1. Background
Early-onset sepsis (EOS), which usually appears within the first 72 hours of life, and late-onset sepsis (LOS), which appears after 72 hours of birth, are the two types of neonatal sepsis (NS), defined as a systemic infection occurring within the first 28 days of life (1). With an estimated 17% mortality rate, NS affects over 3 million babies worldwide each year (2). Particularly in low-income nations, the frequency is noticeably higher among neonates in need of critical medical care, preterm infants, low birth weight babies, those with perinatal hypoxia, and those experiencing protracted hospitalization (3). Clinical manifestations of NS are often nonspecific and may include temperature instability, poor feeding, respiratory distress, lethargy, and in severe cases, failure to thrive or progression to septic shock (4). While sepsis affects fewer than 1 in 1,000 term infants, the incidence rises to 30% in preterm neonates (4). Meningeal involvement occurs in approximately 15% - 20% of NS cases, and the rate of neurological complications may range from 20% to 50% (4, 5).
Late-onset sepsis is often acquired in hospital settings (nosocomial) or the community, with an incidence of approximately 1.6% among term infants (6, 7). However, in preterm neonates, particularly those with very low birth weight and prolonged invasive interventions, the incidence can range from 12% to 50% (7). The mortality rate of LOS is estimated at 10% - 20%, rising to as high as 35% in infants weighing less than 1000 grams (8). Gram-positive organisms, including coagulase-negative staphylococci (CoNS), Staphylococcus aureus, and Enterococcus spp., are the predominant causes of LOS (9). In contrast, gram-negative bacteria such as Escherichia coli, Klebsiella spp., and Pseudomonas spp. tend to be more aggressive and are associated with higher mortality rates (10). Additionally, fungal pathogens like Candida spp. can cause systemic infections in extremely preterm neonates, particularly those exposed to prolonged broad-spectrum antibiotic therapy and central venous catheters (11).

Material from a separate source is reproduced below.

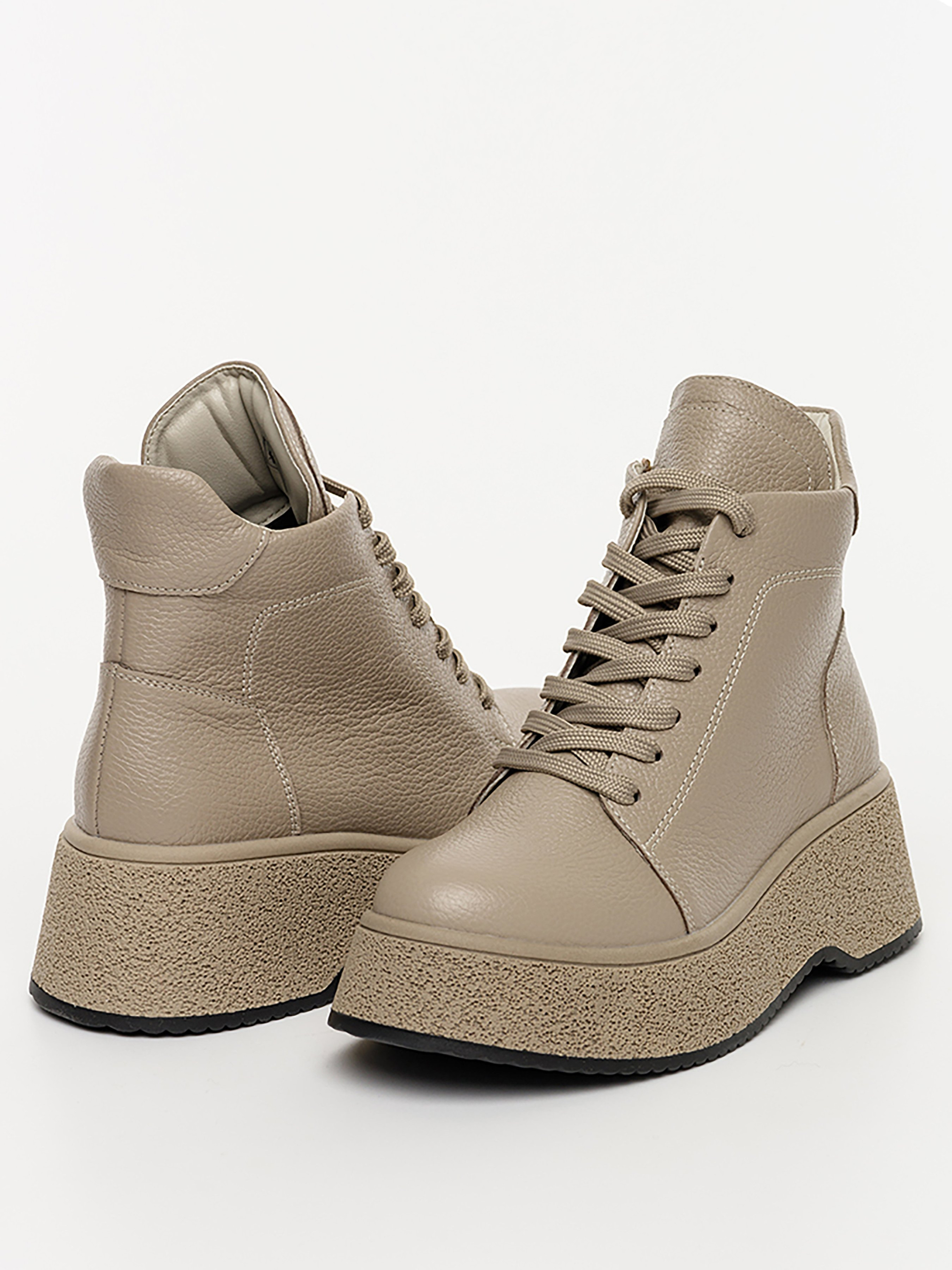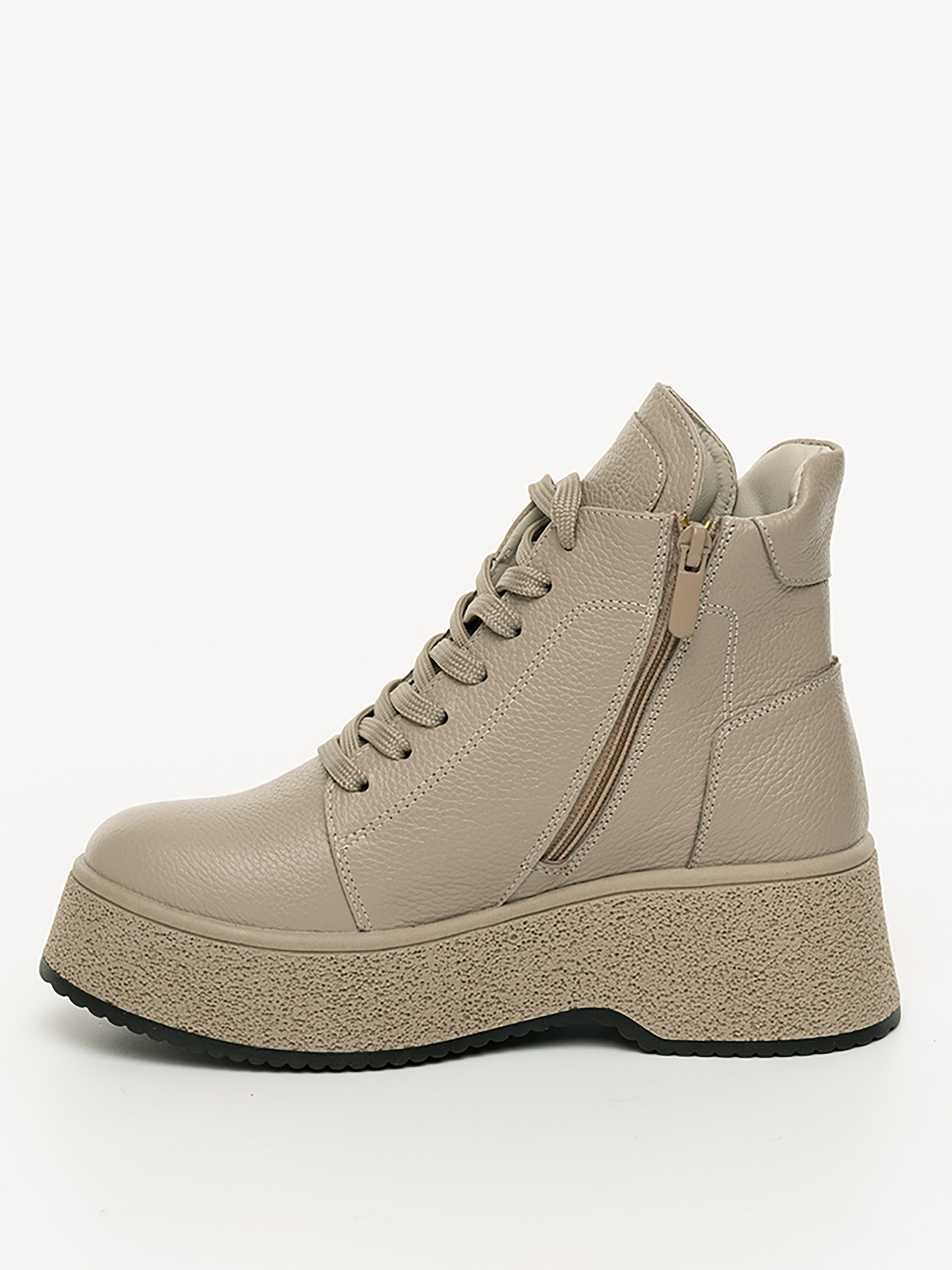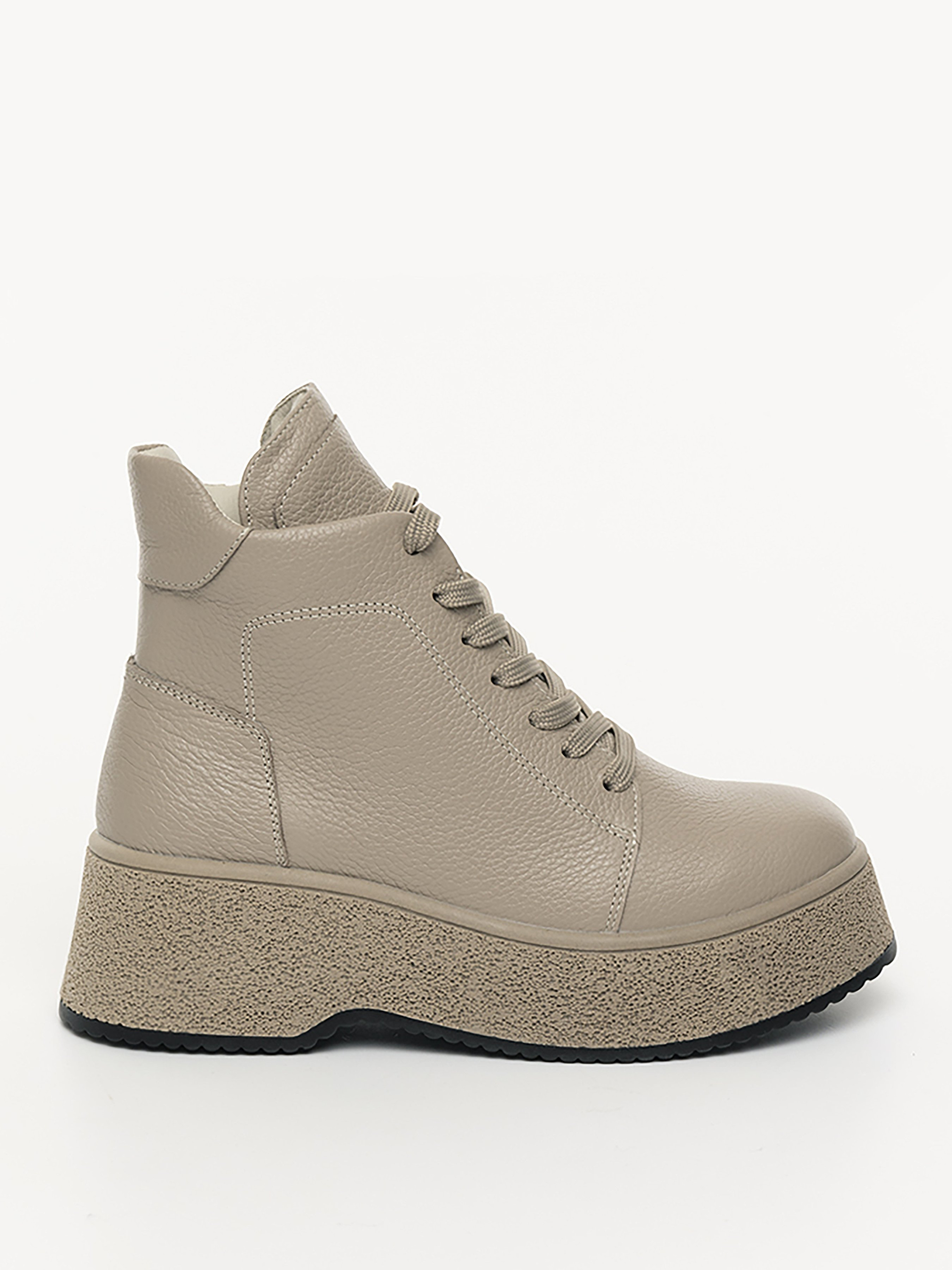 Стильні жіночі черевики бежевого кольору. Модель виготовлена зі шкіри, всередині підкладка на хутрі. Стильні черевики підходять практично до будь-якого одягу в гардеробі. Склад: 100% шкіра підошва: ТПУ / підклад: хутро Розмірний ряд: 36-41 36 р. - 23 см, 37 р. - 23,5 см, 38 р. - 24 см, 39 р. - 24,5 см, 40 р. - 25,5 см

Although blood culture remains the gold standard for diagnosing NS (11, 12), its diagnostic utility is limited by factors such as delayed results, potential for false negatives due to low bacteremia levels, and limited availability of rapid culture systems in resource-limited settings. Consequently, there is a growing reliance on adjunctive diagnostic markers that are inexpensive, rapid, and widely accessible. The most often used hematological indices are acute-phase reactants, the immature-to-total neutrophil ratio (I/T ratio), and the total leukocyte count. Important acute-phase reactants include procalcitonin (PCT), erythrocyte sedimentation rate (ESR), transferrin, fibronectin, prealbumin, haptoglobin, serum amyloid A, α1-acid glycoprotein (orosomucoid), fibrinogen, ceruloplasmin, and C-reactive protein (CRP) (2).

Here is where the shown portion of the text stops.